Martin Luther King, Jr. had well-developed wisdom on civil rights and fairness and justice.

Oprah Winfrey developed wisdom on empowering people to live the lives they wanted to live.

John F. Kennedy developed wisdom on when not to use nuclear weapons and on volunteerism.

Mother Theresa developed wisdom on the importance of caring for the poorest of the poor.

My parents developed wisdom on the long-term importance of education.

Two Key Questions

What topics have you developed wisdom on over your life time?

What is your perspective on each of those topics?

Your answers to those two questions are the basis for your leadership in those areas. You can use your perspective to begin influencing other people. If you don’t have a clear perspective on a topic, then no matter how charismatic you are you will not be an effective leader. You can’t make a cookie without the necessary ingredients.

How to Develop More Wisdom

Having wisdom does not complete your work as a leader, it starts your work as a leader. You still have to effectively deliver your wisdom to other people. In this article I’m just focusing on the starting point.

If you really want to be an effective leader on a given topic, then start with a topic you have so much passion for you will immerse yourself into it.

What topic do you want to really develop your perspective on? Is it parenting, managing people in an organization, building great electronic devices, making quality financial decisions, teaching young children, or something else? 35 years ago I determined that I was passionate about learning how to help other people achieve whatever they wanted to achieve. I was so passionate about this topic of individual and group performance that I’ve never tired of learning about it.

Recently I read biographies on Bill Belichick, Robin Williams, and Fred Rogers, of Mr. Rogers Neighborhood. Belichick studied how to build winning football teams from a very young age. Robin Williams immersed himself into the world of comedy and acting. Fred Rogers’ passion was the development of young children.

Find a topic you are so passionate about that you are willing to pour yourself into it for the long term.

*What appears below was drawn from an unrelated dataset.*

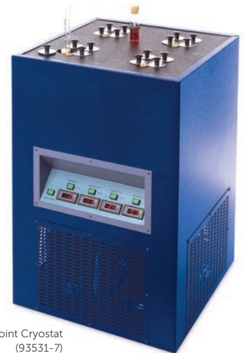
› Seta Cloud and Pour Point Cryostat (93531-7)

Visit: http://www.stanhope-seta.co.uk/3892/Seta-Cloud-and-Pour-Point-Cryostat

Once you choose your topic then read as much as you can about it, talk with as many other people as you can about it, take notes, reflect on what you’ve learned, and discern the key ideas that you want to move forward with on that topic. Those ideas or processes or facts or stories or experiences make up your perspective. They are the foundation of your wisdom on that topic.

If you want more wisdom, then keep immersing yourself in the topic. Keep sharpening and honing and improving your perspective. That is how you increase the ingredient for even better leadership. Fully invest yourself in the development of your wisdom.